If you do not have an adapter, you will need Apple's Lightning to USB Camera Adapter ($ 29) or Lightning to USB 3 Camera Adapter ($ 39). Both work, but the cheaper one is good enough for use with your Bluetooth mouse.
Step 3: Customizing your mouse clicks
No matter what Bluetooth computer mouse Type After selecting it in the menu pointing devices you will return to it (if you have used option 1 above for pairing). You can specify which buttons have which functions. Depending on your mouse, some buttons may already be assigned. For a three-button mouse, the default settings for a single-tap button are "One-Touch" for another button, and "Home" for another. You can tap one of these buttons and change the action to another one.
All actions include None, One Touch, Open Menu, 3D Touch, Accessibility Shortcut, Analytics, App Switcher, Control Center, Double-tap, Home ", Lock Rotation, Lock Screen, Mute, Notifications, Clamps, Accessibility, Reboot, Screenshot, Shake, Siri, SOS, Screen Speak, Voice Control, Volume Down, Volume up and Apple Pay.
If you can not see All the buttons that are already available for setup or if you do not have all the mouse buttons, you can force the iPhone to recognize the other buttons. To do this, tap on "Customize additional buttons" above. You will be prompted to press a button on your pointing device to select an action. When you do this, the button should appear in the list that you can associate with one of the options listed above.
Now for the big moment – actually use your mouse with your iPhone. Since this is an AssistiveTouch feature, you must enable AssistiveTouch. So leave the settings for pointing devices until you're back on the AssistiveTouch screen, and then switch to "AssistiveTouch" above. Alternatively, you can use the triple-click Home or Page shortcuts if you have activated them for AssistiveTouch.
The circular AssistiveTouch menu icon and the circular mouse pointer appear. You can disable the AssistiveTouch icon when a pointer is active by disabling "Show Always Menu" in the AssistiveTouch settings.
Depending on the actions you have chosen for each button, mouse usage varies from person to person. However, if you remain at the default settings as above, clicking the left mouse button will select the items. If you left-click and hold down the mouse button, objects are selected or you can swipe to open the Control Center or Notification Center.
If you right-click, the AssistiveTouch menu opens. If you click on the middle button, you get to the start screen. It's relatively intuitive and easy to use – just like a mouse on your computer.

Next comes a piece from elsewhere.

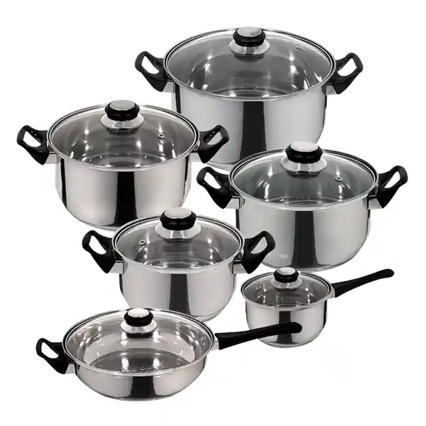 Fabricada en Acero Inoxidable de 0.4 Mm de Espesor, Fondo Termo Difusor en capsulado, Asas de Baquelita de Toque Frio Con Salva Llamas, Pulido de Espejo Interior y Exterior, Tapas de Vidrio Termo Resistentes Con Respiradero. Contiene Olla Con Tapa de 24 cm, Olla Con Tapa de 20 cm, Olla Con Tapa de 18 cm, Olla Con Tapa de 16 cm Cazo de 14 cm, Sartén Con Tapa 24 cm. Contiene 12 Piezas.

Me I noticed that the cursor on the screen was moving too fast, so I had to slow down the tracking speed. If you are in a similar situation, or if the cursor moves too slowly on the screen, you can adjust it. Search in the same menu AssistiveTouch the section Tracking Speed . Inside is a slider that you can adjust. On the left in the direction of the turtle it is slowed down, on the right in the direction of the rabbit it accelerates.
If you are using the new dark mode feature of iOS 13, this is the default gray color of the cursor, which can be hard to see, but you can change it. In the menu AssistiveTouch tap on "Cursor". Then choose "Color," where you'll find options for Gray, White, Blue, Red, Green, Yellow, and Orange.
Back in In the Cursor menu, enable the "Large Cursor" option to noticeably enlarge the circle. If it's too big, you can disable the option at any time.